The lawsuit should cover California residents who accessed the application and had their personal information disclosed to third parties from January 1st, 2020 to April 17th, 2020. While this case only covers California residents, additional putative class actions might be filed to represent consumers, either at a state level or nationwide.
This case tests and stretches the limits of the CCPA’s private right of action by relying on an allegedly voluntary transfer of consumer data to a third party. The complaint alleges a violation of the CCPA’s core privacy provision which requires notice of disclosure of personal information and the right to opt-out of such disclosures.

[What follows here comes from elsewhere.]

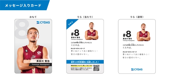 会場にいらっしゃるお子様には、越谷アルファーズのメンバーからのメッセージカード付きのお菓子の詰め合わせBoxをプレゼントいたします。コドモ心をくすぐるトレーディングカード風のデザインのカードの裏面には、各メンバーの「コドモの頃に大切にしていたこと」と「みんなへのメッセージ」が。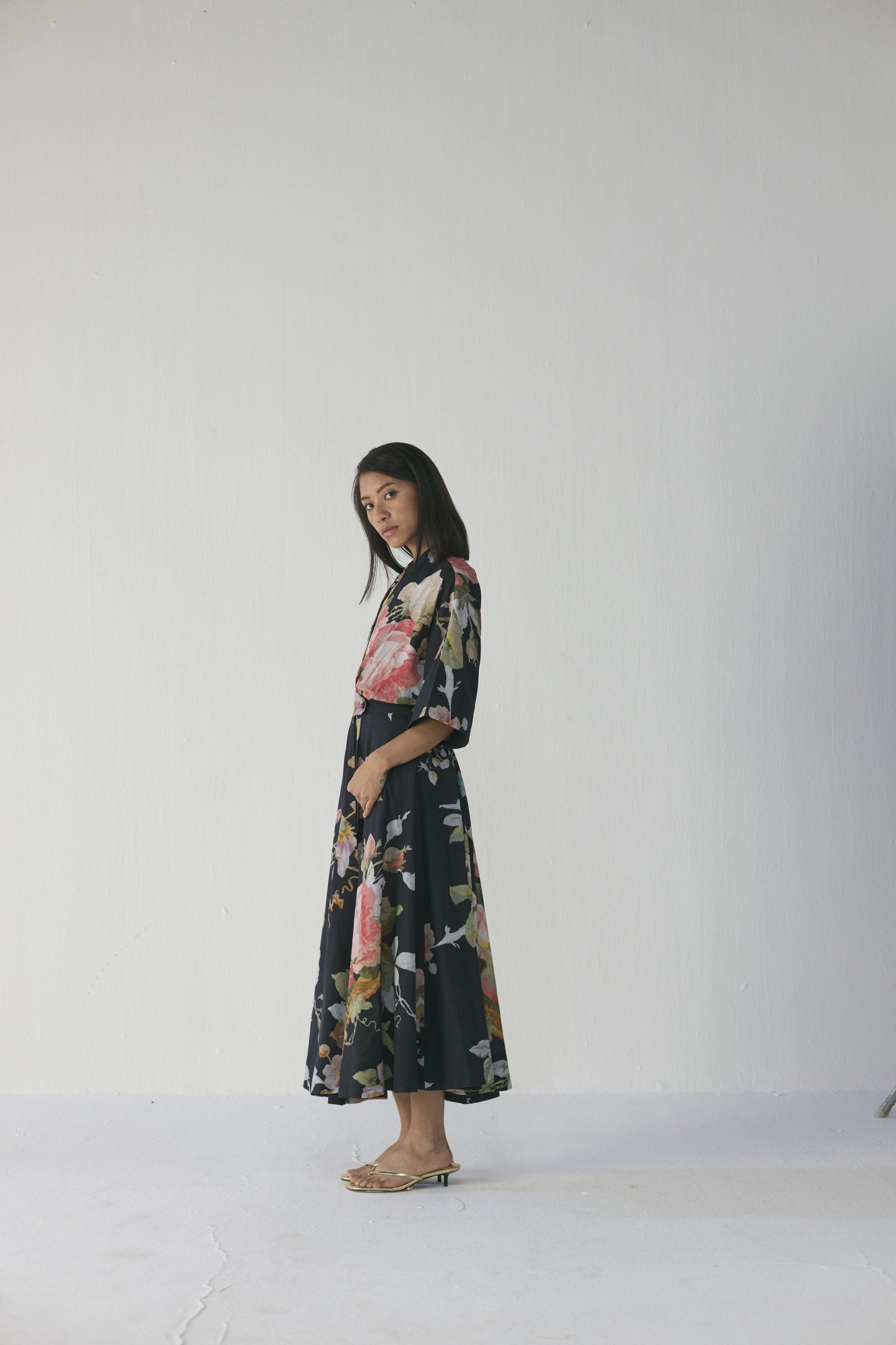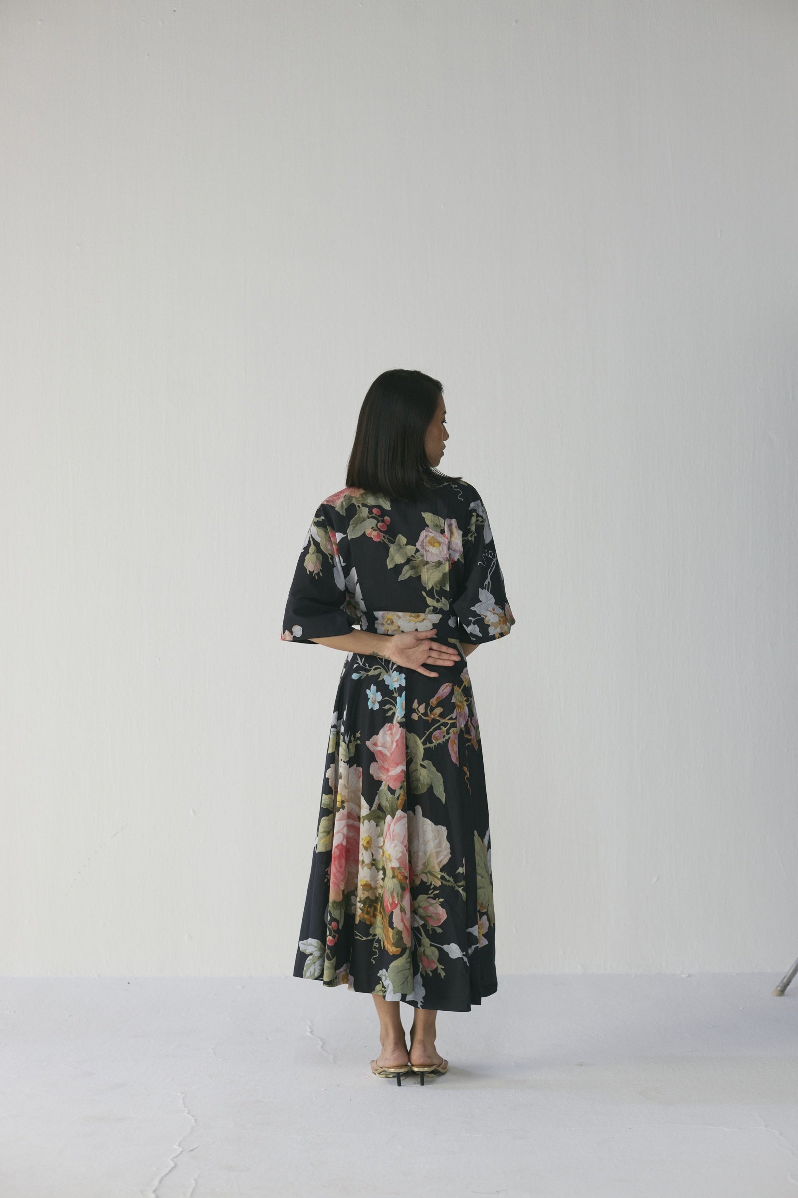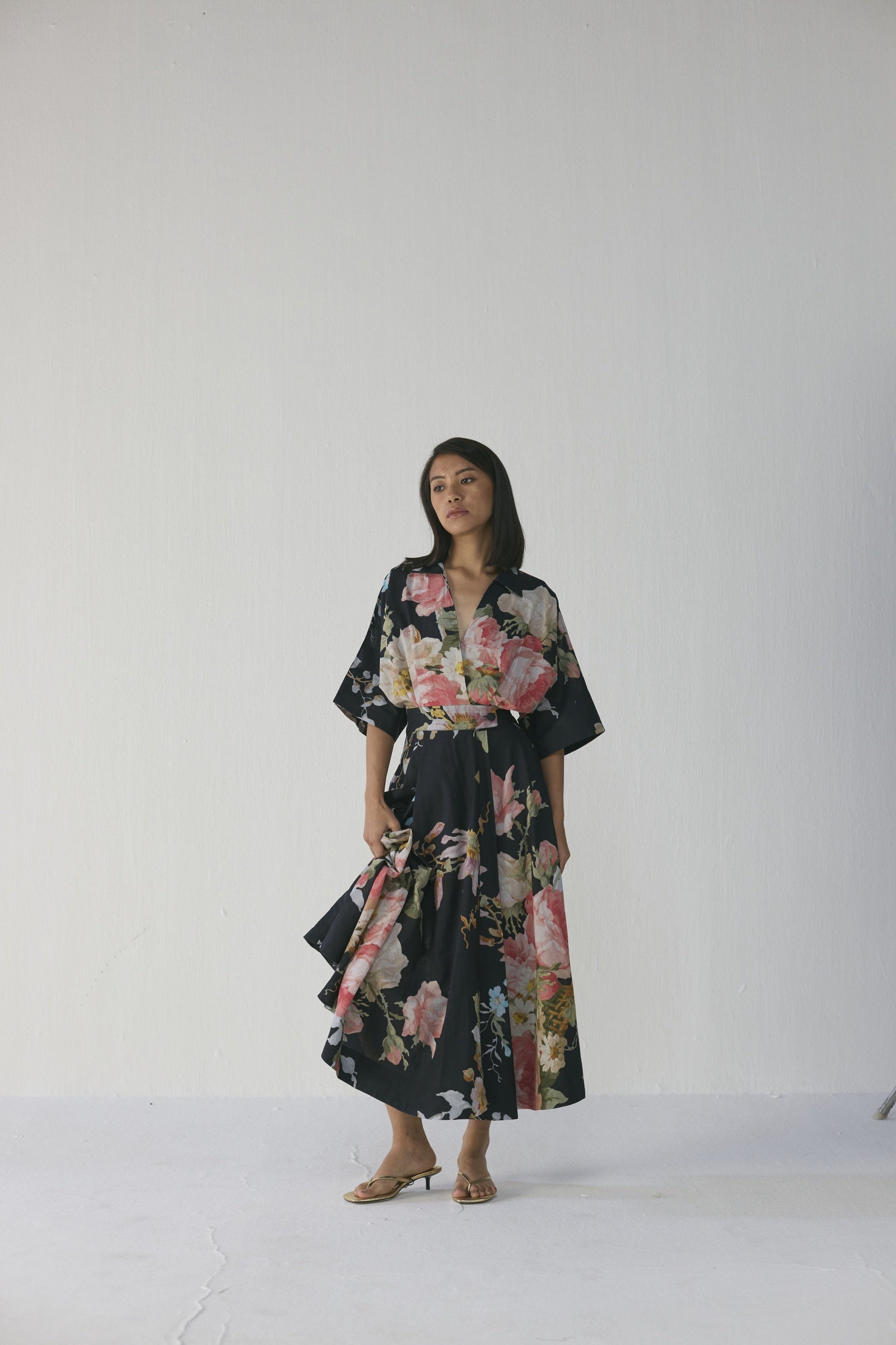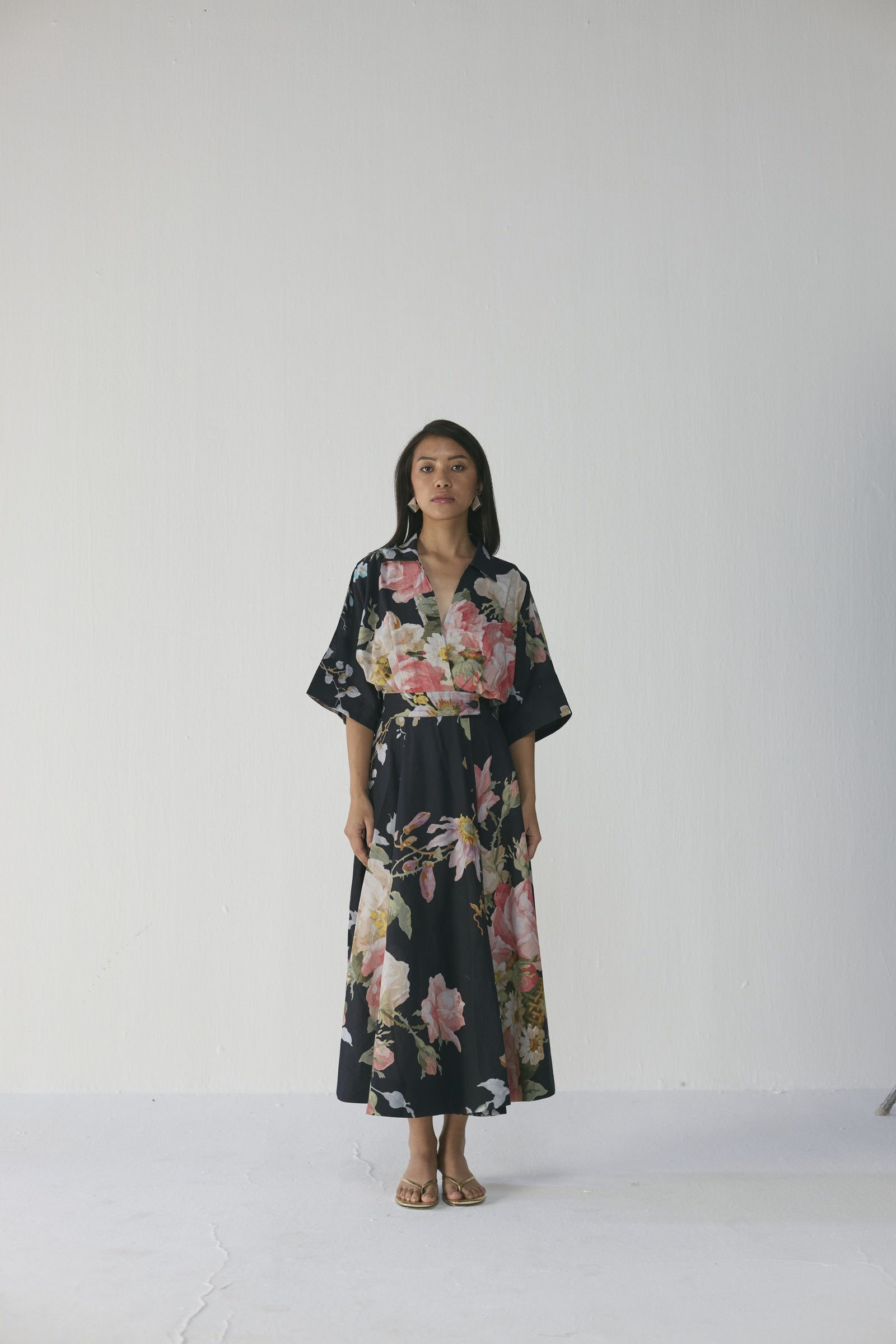 This flowy floral dress showcases a striking large-scale painterly print of blooming roses and delicate foliage in blush pink, ivory, sage green, and powder blue set against a deep black base, crafted in lightweight poplin with a relaxed-fit bodice, elegant V-neckline, wide kimono sleeves, and a fluid ankle-length flare that moves beautifully, offering effortless comfort and timeless sophistication from day to evening; the model is 5'9" and wearing a size small.

However, this claim exceeds the CCPA’s statutory framework for private claims, which is limited to “unauthorized access and exfiltration, theft, or disclosure” resulting from the defendant’s “violation of the duty to implement and maintain reasonable security procedures and practices” (§1798.150).
Going back to the letter of the CCPA, such obligations are left to the exclusive enforcement competence of the Attorney general (§1798.155). As a reminder, the Attorney General cannot bring an enforcement action under the CCPA before July 1st 2020.
If this alleged CCPA claim succeeds, the scope of private litigation right under the CCPA may encompass a broader variety of individual claims than the statute’s language provides, including class actions.
Mathias Avocats will not fail to keep you updated on new forms of data protection litigation.